$\lim_{x \to 5} \frac{f(x^2)-f(25)}{x-5}$
Assuming that $f$ is differentiable for all $x$, simplify.
(It does not say what $f(x)$ is at all)
My teacher has not taught us any of this, and I am unclear about how to proceed.
$\lim_{x \to 5} \frac{f(x^2)-f(25)}{x-5}$
Assuming that $f$ is differentiable for all $x$, simplify.
(It does not say what $f(x)$ is at all)
My teacher has not taught us any of this, and I am unclear about how to proceed.

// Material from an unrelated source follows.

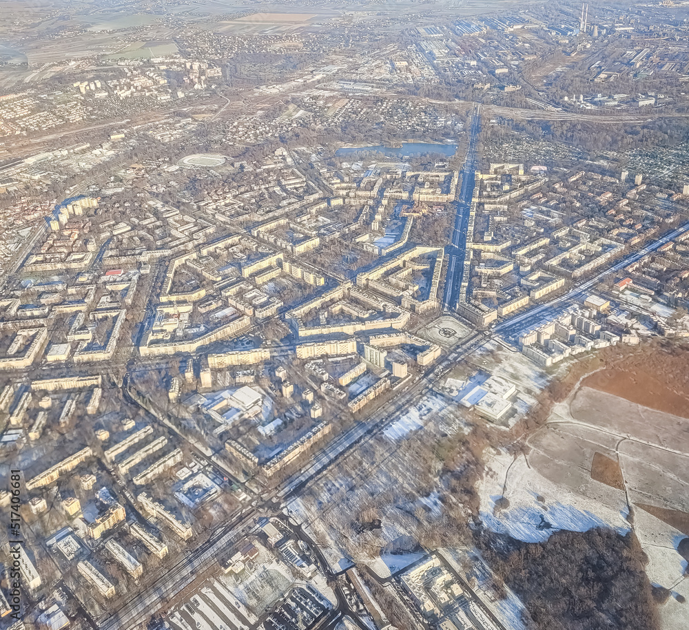 Aerial view of Nowa Huta communist district in Krakow, Poland
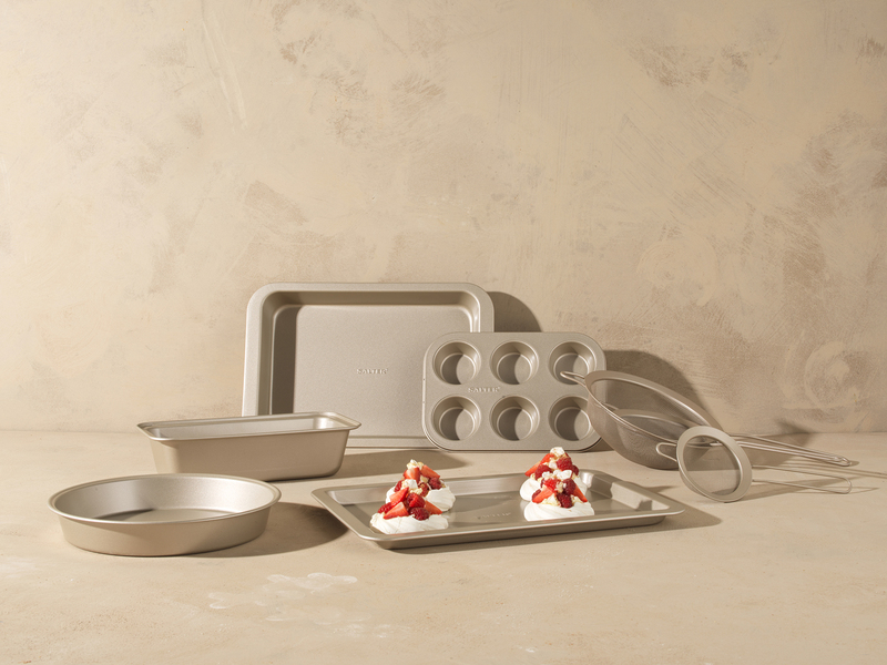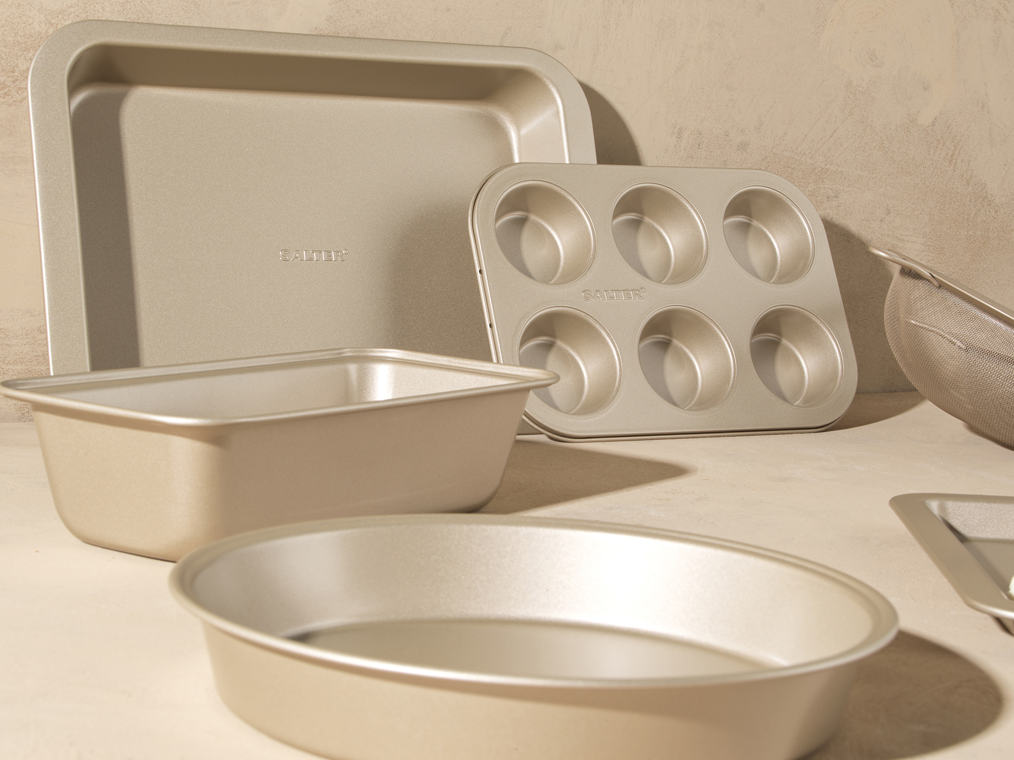 The Salter Bakes 5 Piece Bakeware Set is the perfect addition for any home baker. This set includes a 36 cm roasting pan, 37 cm baking tray, 27 cm loaf tin, 23 cm square pan, and 6-cup muffin tray, all of which feature a modern champagne gold finish. Using this set, you can bake up a storm and impress your dinner guests with a range of delicious creations. With a tough non-stick coating, you can cook with ease without the worry of hard-to-clean messes. Complete with an elegant champagne finish.

$ \frac{f(x^2)-f(25)}{x-5} = \frac{f(x^2)-f(25)}{x^2-25} \cdot (x+5)$
Since, $f$ is differentiable, if $x\to 5$ then $x^2\to 25$, so taking the lim will give you $f'(25)\cdot 10$.
Apply Lagrange theorem to $f(x^2)$
$f$ is differentiable, so $g(x) = f(x^2)$ is also differentiable. Let's find the derivative of $g$ at $x = 5$ using the definition.
$ g'(5) = \lim_{x \to 5} \frac{g(x) - g(5)}{x - 5} = \lim_{x \to 5} \frac{f(x^2) - f(25)}{x - 5} $
Now write $g'(5)$ in terms of $f$ to get the desired result.